■ Records shown ■
-- -- --

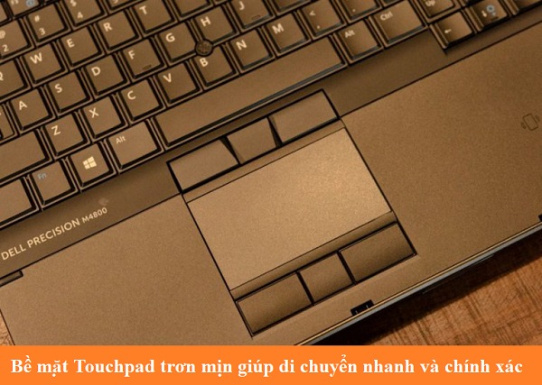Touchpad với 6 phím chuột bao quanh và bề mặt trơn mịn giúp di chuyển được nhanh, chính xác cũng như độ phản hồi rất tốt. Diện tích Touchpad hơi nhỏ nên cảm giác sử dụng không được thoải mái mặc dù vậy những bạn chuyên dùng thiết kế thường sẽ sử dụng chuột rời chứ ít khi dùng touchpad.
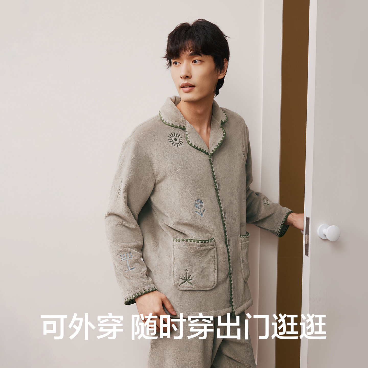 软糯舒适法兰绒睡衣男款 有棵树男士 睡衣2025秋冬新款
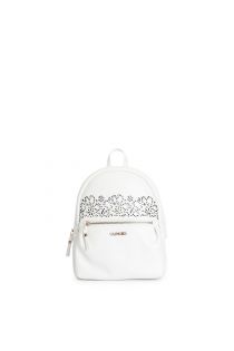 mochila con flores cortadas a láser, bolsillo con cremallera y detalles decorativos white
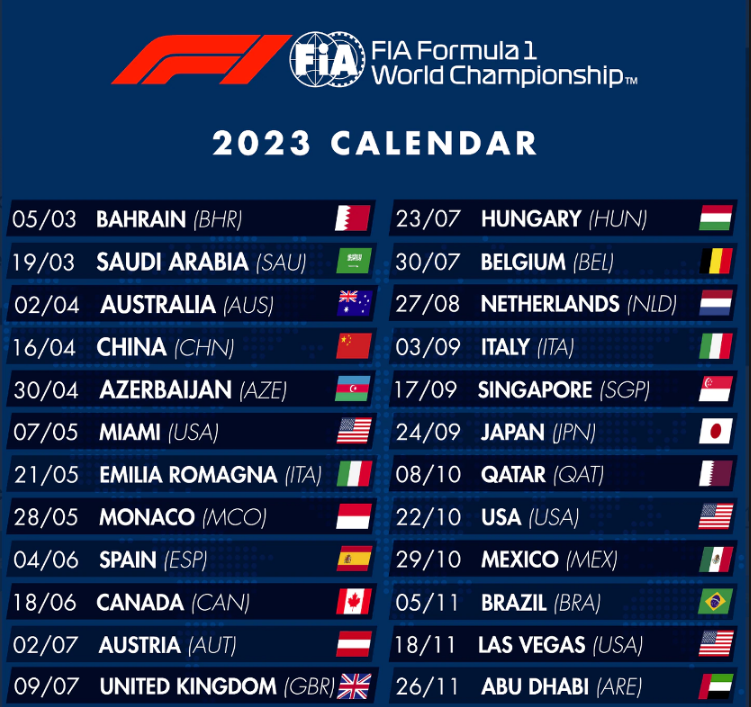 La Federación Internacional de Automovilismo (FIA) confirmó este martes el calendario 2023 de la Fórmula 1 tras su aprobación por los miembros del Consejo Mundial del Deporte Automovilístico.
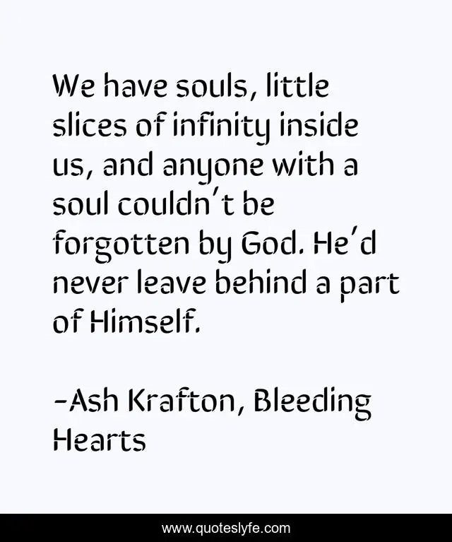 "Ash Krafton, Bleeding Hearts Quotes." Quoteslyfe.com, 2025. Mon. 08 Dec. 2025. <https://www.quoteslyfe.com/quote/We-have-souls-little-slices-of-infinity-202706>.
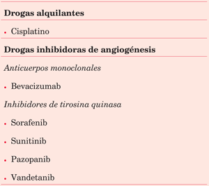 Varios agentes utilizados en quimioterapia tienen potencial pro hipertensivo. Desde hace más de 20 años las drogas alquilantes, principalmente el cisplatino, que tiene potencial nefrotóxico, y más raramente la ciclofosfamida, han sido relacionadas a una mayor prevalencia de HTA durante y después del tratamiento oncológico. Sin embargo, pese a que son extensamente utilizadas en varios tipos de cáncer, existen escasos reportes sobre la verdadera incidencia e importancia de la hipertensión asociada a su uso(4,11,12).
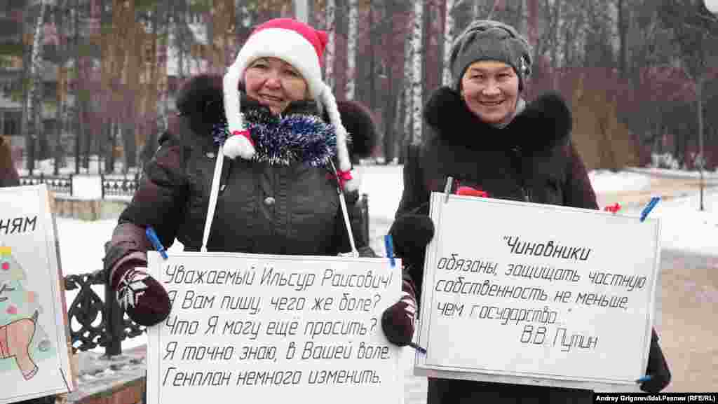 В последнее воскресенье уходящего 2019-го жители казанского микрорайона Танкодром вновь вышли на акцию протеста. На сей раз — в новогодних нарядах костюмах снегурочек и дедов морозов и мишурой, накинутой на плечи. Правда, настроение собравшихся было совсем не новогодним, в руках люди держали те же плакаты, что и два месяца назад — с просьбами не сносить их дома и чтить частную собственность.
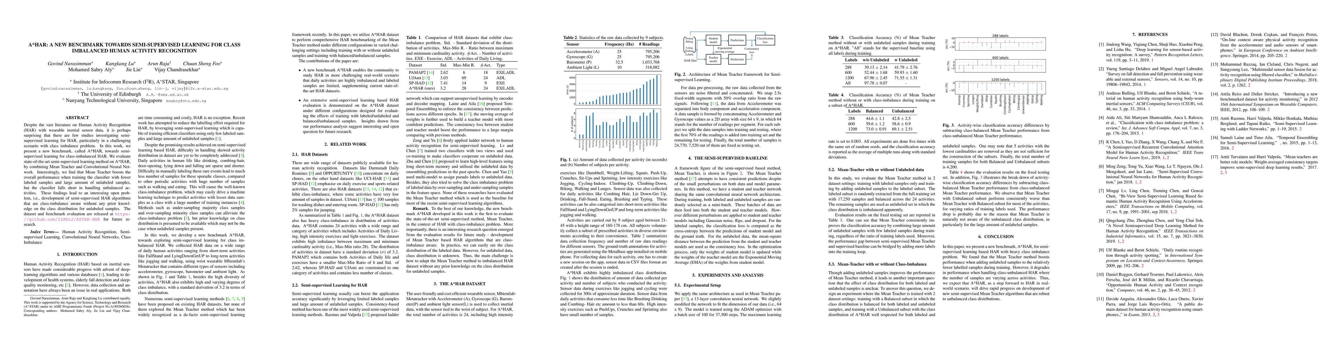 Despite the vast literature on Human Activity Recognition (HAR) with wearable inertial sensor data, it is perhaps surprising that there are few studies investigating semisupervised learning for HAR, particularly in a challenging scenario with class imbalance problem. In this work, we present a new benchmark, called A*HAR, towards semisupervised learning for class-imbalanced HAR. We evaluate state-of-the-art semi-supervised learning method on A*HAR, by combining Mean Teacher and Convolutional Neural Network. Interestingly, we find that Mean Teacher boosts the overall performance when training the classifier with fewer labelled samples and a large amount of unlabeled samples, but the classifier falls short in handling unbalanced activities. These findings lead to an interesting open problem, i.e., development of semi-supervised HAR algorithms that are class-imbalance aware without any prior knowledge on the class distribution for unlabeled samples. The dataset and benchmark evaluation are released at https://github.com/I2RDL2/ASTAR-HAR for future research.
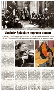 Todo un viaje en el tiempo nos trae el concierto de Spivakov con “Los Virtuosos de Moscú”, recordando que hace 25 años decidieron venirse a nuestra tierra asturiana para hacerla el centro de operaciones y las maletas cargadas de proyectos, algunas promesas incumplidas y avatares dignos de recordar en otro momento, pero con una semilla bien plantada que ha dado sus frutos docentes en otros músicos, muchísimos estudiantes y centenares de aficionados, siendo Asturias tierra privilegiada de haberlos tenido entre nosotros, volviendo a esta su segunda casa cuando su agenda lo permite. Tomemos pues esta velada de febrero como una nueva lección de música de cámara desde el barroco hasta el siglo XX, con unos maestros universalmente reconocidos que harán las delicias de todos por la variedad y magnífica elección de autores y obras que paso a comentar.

-- -- --

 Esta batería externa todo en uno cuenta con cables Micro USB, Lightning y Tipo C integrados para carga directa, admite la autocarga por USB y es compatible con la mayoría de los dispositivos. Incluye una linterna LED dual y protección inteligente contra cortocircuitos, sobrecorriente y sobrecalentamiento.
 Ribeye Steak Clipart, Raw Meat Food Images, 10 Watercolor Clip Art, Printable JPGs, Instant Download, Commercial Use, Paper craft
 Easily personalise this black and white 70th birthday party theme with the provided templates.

-- -- --

■ Task details ■
Going back to the data above, write out everything from the line with "Varios agentes utilizados" down to the line with "Despite the vast", both included, leaving every picture out.

■ Answer to this exercise ■
 Varios agentes utilizados en quimioterapia tienen potencial pro hipertensivo. Desde hace más de 20 años las drogas alquilantes, principalmente el cisplatino, que tiene potencial nefrotóxico, y más raramente la ciclofosfamida, han sido relacionadas a una mayor prevalencia de HTA durante y después del tratamiento oncológico. Sin embargo, pese a que son extensamente utilizadas en varios tipos de cáncer, existen escasos reportes sobre la verdadera incidencia e importancia de la hipertensión asociada a su uso(4,11,12).
 В последнее воскресенье уходящего 2019-го жители казанского микрорайона Танкодром вновь вышли на акцию протеста. На сей раз — в новогодних нарядах костюмах снегурочек и дедов морозов и мишурой, накинутой на плечи. Правда, настроение собравшихся было совсем не новогодним, в руках люди держали те же плакаты, что и два месяца назад — с просьбами не сносить их дома и чтить частную собственность.
 Despite the vast literature on Human Activity Recognition (HAR) with wearable inertial sensor data, it is perhaps surprising that there are few studies investigating semisupervised learning for HAR, particularly in a challenging scenario with class imbalance problem. In this work, we present a new benchmark, called A*HAR, towards semisupervised learning for class-imbalanced HAR. We evaluate state-of-the-art semi-supervised learning method on A*HAR, by combining Mean Teacher and Convolutional Neural Network. Interestingly, we find that Mean Teacher boosts the overall performance when training the classifier with fewer labelled samples and a large amount of unlabeled samples, but the classifier falls short in handling unbalanced activities. These findings lead to an interesting open problem, i.e., development of semi-supervised HAR algorithms that are class-imbalance aware without any prior knowledge on the class distribution for unlabeled samples. The dataset and benchmark evaluation are released at https://github.com/I2RDL2/ASTAR-HAR for future research.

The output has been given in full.